Do you always have the urge to go to toilet for “big business” before you run, or while you are running or after you finish running? If you are, you are not alone. Some other runners have the same issue too, including one of my friends. My friend called it “pre-run poop”, but the official name is Runner’s Diarrhea. Normally, this urge of going to toilet happens mostly to marathon runners, but also can happen during long gym workouts and occasional runs. Initially, I thought he was nervous of jogging for the first time. But, after several weeks, he still has the same issue. In fact, once, he had to run so fast to get to the nearest toilet and he told me that it is the fastest run in his life!
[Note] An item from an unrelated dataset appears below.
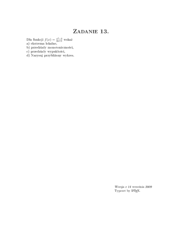 Zadanie 13. Dla funkcji f (x) = x2 −3 wska» 2x+1 a) ekstrema lokalne, b) przedziaªy monotoniczno±ci, c) przedziaªy wypukªo±ci, d) Narysuj przybli»ony wykres. Wersja z 14 wrze±nia 2009 A Typeset by L TEX.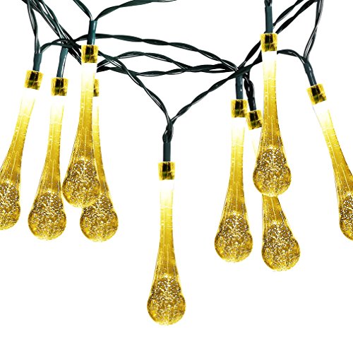 Water-chestnut Outdoor Solar String Lights 16 feet 30 LED Water Drop Fairy String Lighting for Christmas Party Home Patio

The real cause of runner’s diarrhea is not known. Some say it is due to lack of blood flow to the bowel. Some believe that the up and down movement of the body running may have stimulated bowel activity. Another theory is that running has increased the speed which food passes through your stomach. However, many agree that the problem is due to what you eat and what you drink, which I believe too.
So, how to reduce or prevent runner’s diarrhea. Here are some of the tips shared by the runners from net:
- Have a journal to write down everything you eat, amount and time along with the start and end times of your workout, and when the diarrhea starts. Then, you can try replacing those food or adjusting the time before your workout to see if it makes a difference.
- You may need to control the intake of high fiber and gas producing foods including beans, fruits, and salad.
- Limit caffeinedrinks like coffee or tea. Caffeine stimulates the bowel.
- Sugar free candies (Aspartame) or gum is known to stimulate the bowel too. So, avoid it too before you run.
- Try not to eat at least two hours before running. If you are taking big meals, you may need to wait even longer to run.
- Drink enough fluids before and after you run. Dehydration may lead to diarrhea. But, avoid warm liquids because they speed food through the digestive tract.
- If you take energy bar or drink, you may need to replace one brand with another because some of the ingredients may not work for you. Pay attention to the sugar contents.
- Try natural food rather than packaged food if you really need to eat. For instance, switch to banana instead of relying energy gels to see it it helps.
- Wear loose fitting clothing. Water bottle holders or clothing that is too tight around the waist may increase diarrhea.
- Before your workout, go to the bathroom first.
- Try training at different times especially if the morning running tends to cause the urge to go to toilet. If you typically hit the rest room first thing in the morning, then running at that hour may not be the best choice.
- Reduce the intensity or distance of your runs until diarrhea improves. Then, slowly increase your activity as signs and symptoms allow.
- Design your running route to include restrooms along the journey.
- In worse case, consider a medical check up.
Unless you are running for a race, I do not recommend the use of anti-diarrhea product like Imodium. I rather you to try the above tips than relying on Imodium every time you run.
Seeing my friend to go to toilet that often is no fun. He may have given up exercising because of that. For him, by cutting down his regular daily coffee sessions, he has made much progress. I suggest you to do experimentation and trial to identify which culprit that causes you that problem. Make porta-potties a thing of your past. Good luck.